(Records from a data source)
>>>

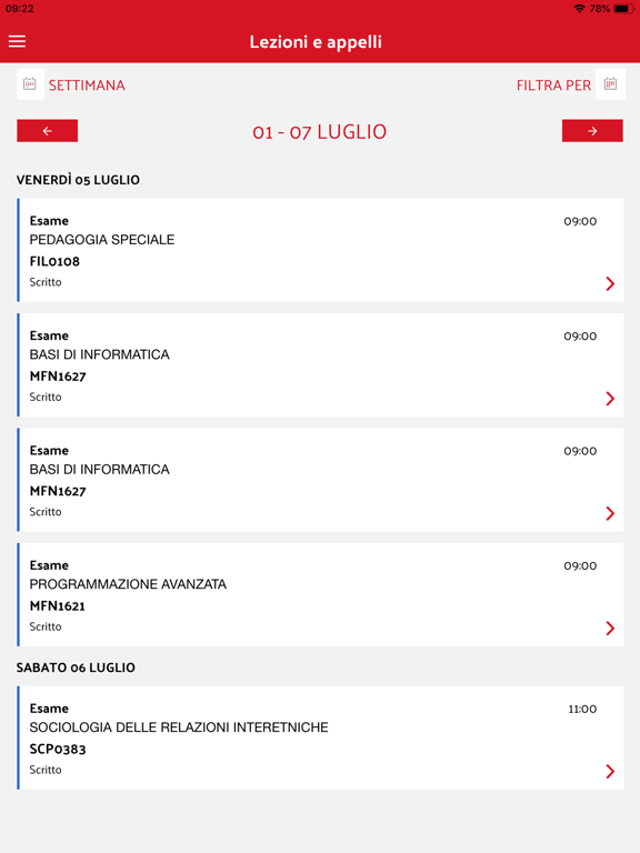 - consultare l'orario delle lezioni (visibile solo per i Corsi di Studi che hanno adottato il sistema di gestione degli orari e delle aule per le lezioni University Planner UP).
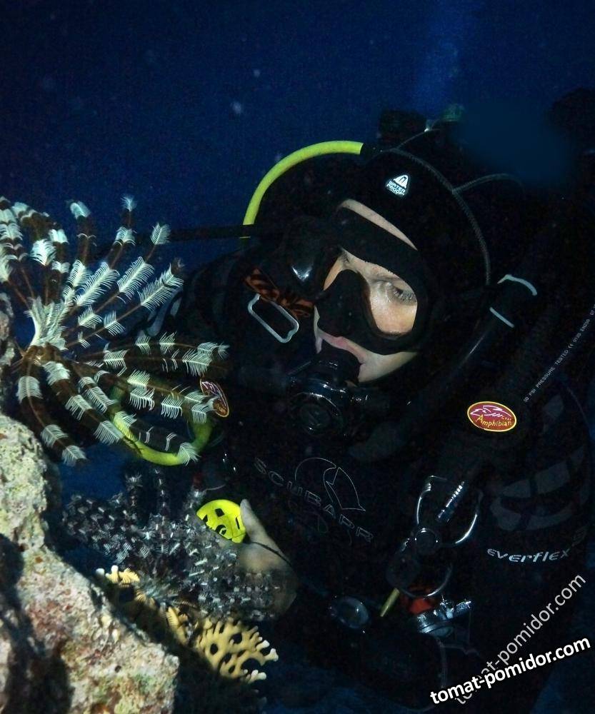 Ночное погружение с морскими лилиями
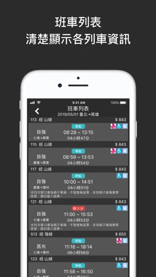・班車列表:清楚顯示各車次的資訊,幫助您快速找到想找的車次。
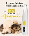 Runs at 35dB for quiet grooming. Let your pet get familiar with the sound before trimming. Treats can help keep them calm and relaxed.
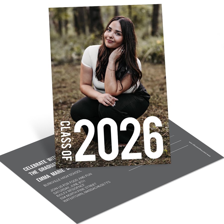 Looking for an easy but fun design for your photo graduation announcements or invitations? Try this Big Year vertical postcard! With your best vertical photo on the front, along with a screened overlay of your class year in your choice of colors, this custom postcard says it all on just two sides. The back has room for your future plans or party details, along with mailing address. Choose from over 80 colors for the background. It's super easy and fun to create your very own custom graduation announcements. And don't forget, you can order risk free with our happiness guarantee.
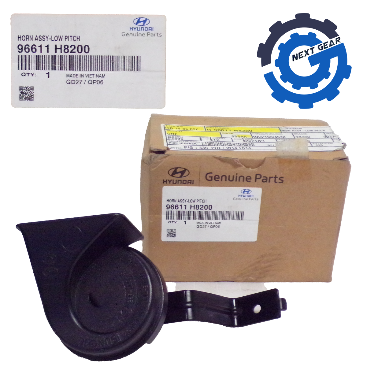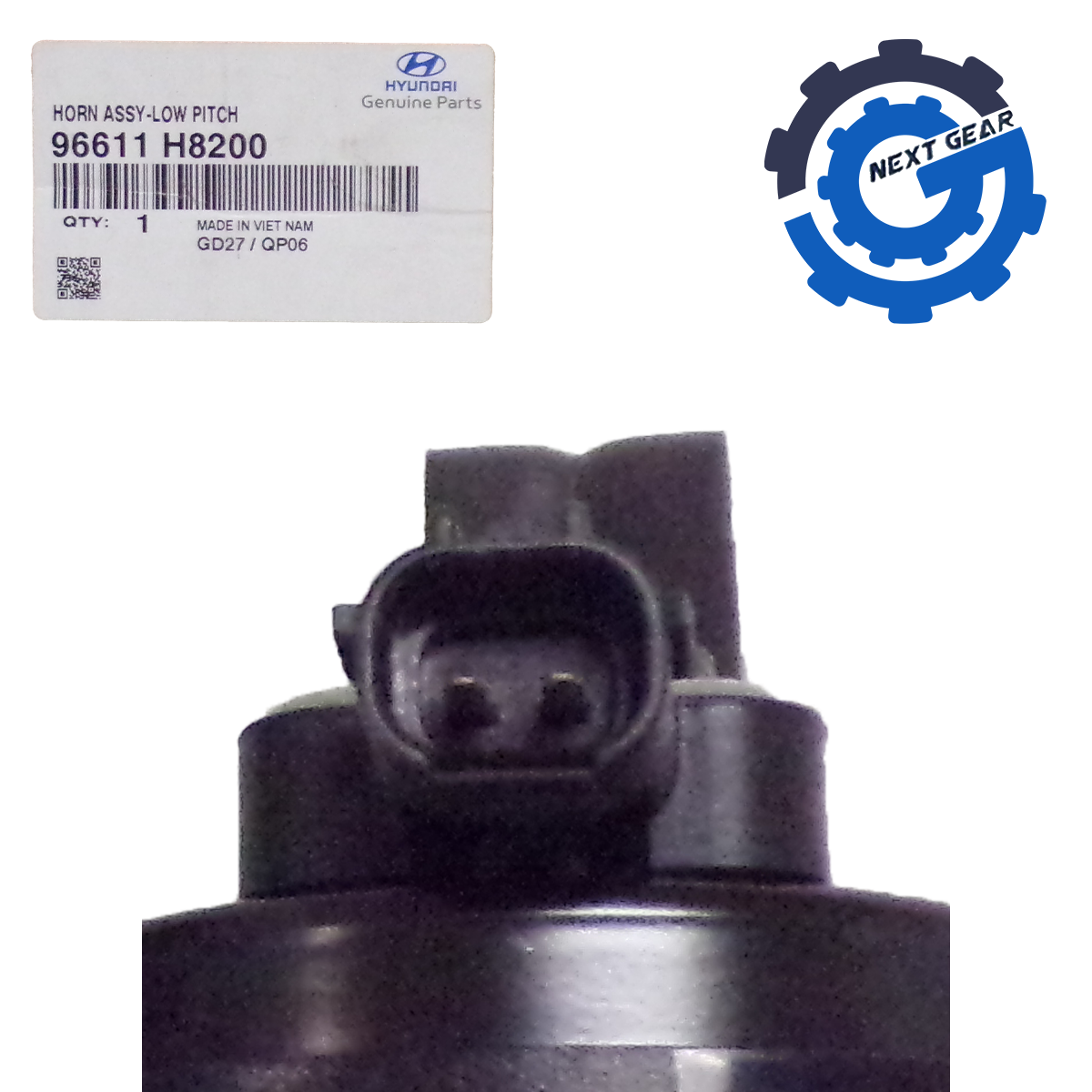 This is an Original New OEM Hyundai Low Pitch Horn Assembly 2018-2022 Accent Kia Rio 96611H8200

<<<

TO DO: Take the records from their first line through the line containing "Runs at 35dB" and please return exactly those lines, both ends included, minus the pictures.

TASK OUTPUT:
 - consultare l'orario delle lezioni (visibile solo per i Corsi di Studi che hanno adottato il sistema di gestione degli orari e delle aule per le lezioni University Planner UP).
 Ночное погружение с морскими лилиями
・班車列表:清楚顯示各車次的資訊,幫助您快速找到想找的車次。
 Runs at 35dB for quiet grooming. Let your pet get familiar with the sound before trimming. Treats can help keep them calm and relaxed.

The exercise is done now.